I giovani chiedono corsi di etica e di pedagogia per tecnici sportivi e aspiranti allenatori: la proposta trova un’apertura

Gli studenti romani provano a riscrivere il ruolo della leadership sportiva, mettendo al centro l’autostima, al di là del risultato. Stiamo parlando della proposta dei ragazzi dell’Istituto Santa Maria di Roma presentata nel Salone d’Onore del Coni durante l’atto conclusivo del progetto Lo Sport in Costituzione: Dialoghi per una Cittadinanza Attiva.

L’idea degli studenti, che ha ricevuto un’importante apertura da parte del presidente del CONI Lazio, Alessandro Cochi, mira all’istituzione di un corso obbligatorio di “Educatore Sportivo” (fascia 3-25 anni) per tutti i tecnici federali.

Il percorso, focalizzato su intelligenza emotiva e comunicazione non competitiva, punta a combattere l’abbandono precoce dell’attività sportiva e di fenomeni sociali ancora presenti, come il bullismo, integrando tirocini gratuiti nei centri sportivi romani per unire pedagogia e pratica sul campo.

Il nuovo “Educatore Sportivo”

L’analisi parte da una criticità evidente nei giorni d’oggi, ovvero l’eccessiva pressione sulla performance sportiva. In molti casi, la premura del risultato ha finito per demolire l’autostima degli atleti più giovani, portandoli persino all’abbandono anticipato della pratica. 

Per invertire questa rotta, il progetto propone l’istituzione di un “Corso Obbligatorio di Educatore Sportivo (3-25 anni)”. Non si tratta di una semplice formalità, ma di un requisito fondamentale per accedere a qualsiasi qualifica tecnica federale.

L’idea è quella di formare tecnici che siano, prima di tutto, esperti di intelligenza emotiva. I contenuti del corso spaziano dalla leadership empatica alla gestione del bullismo, fino alla comunicazione non competitiva. Per garantire che questa rivoluzione sia sostenibile e ben ramificata, la proposta prevede la gratuità del percorso e la possibilità di svolgerlo come tirocinio pratico all’interno dei centri sportivi della Capitale, creando un ponte diretto tra teoria pedagogica e realtà operativa dei club.

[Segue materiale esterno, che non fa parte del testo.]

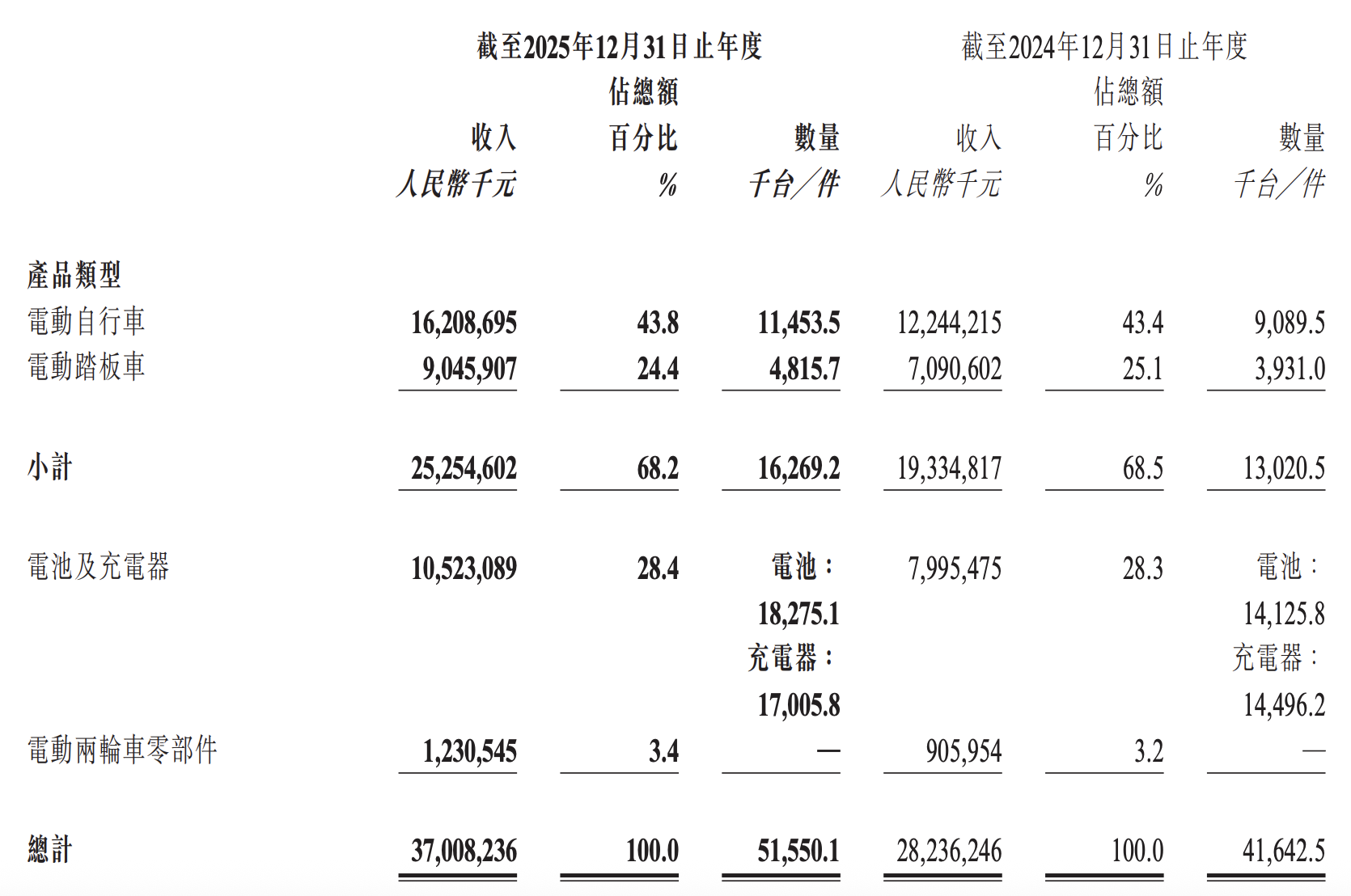 In terms of sales volume, the total sales of electric scooters and electric bicycles increased from approximately 13 million units in 2024 to about 16.3 million units in 2025. Specifically, electric bicycle sales reached 11.45 million units in 2025, a 26.0% increase from 9.08 million units in 2024. Electric scooter sales were 4.81 million units in 2025, up 22.5% from 3.93 million units in 2024.

Giovani chiedono corsi di etica e di pedagogia per tecnici sportivi e aspiranti allenatori: la proposta trova un’apertura
Giovani chiedono corsi di etica e di pedagogia per tecnici sportivi e aspiranti allenatori: la proposta trova un’apertura

La voce dei protagonisti: l’empatia come motore del successo

Sul palco della Sala, i ragazzi del Santa Maria hanno illustrato la loro idea innovativa, prendendo parte a un confronto faccia a faccia con il presidente del CONI Lazio, Alessandro Cochi

Rispondendo successivamente ai microfoni di Risorse.news su cosa manca oggi nella formazione di un allenatore, gli studenti hanno affermato: 

“Un allenatore dovrebbe imparare a relazionarsi in maniera differente con le varie personalità degli atleti, entrare proprio in empatia con ognuno di essi.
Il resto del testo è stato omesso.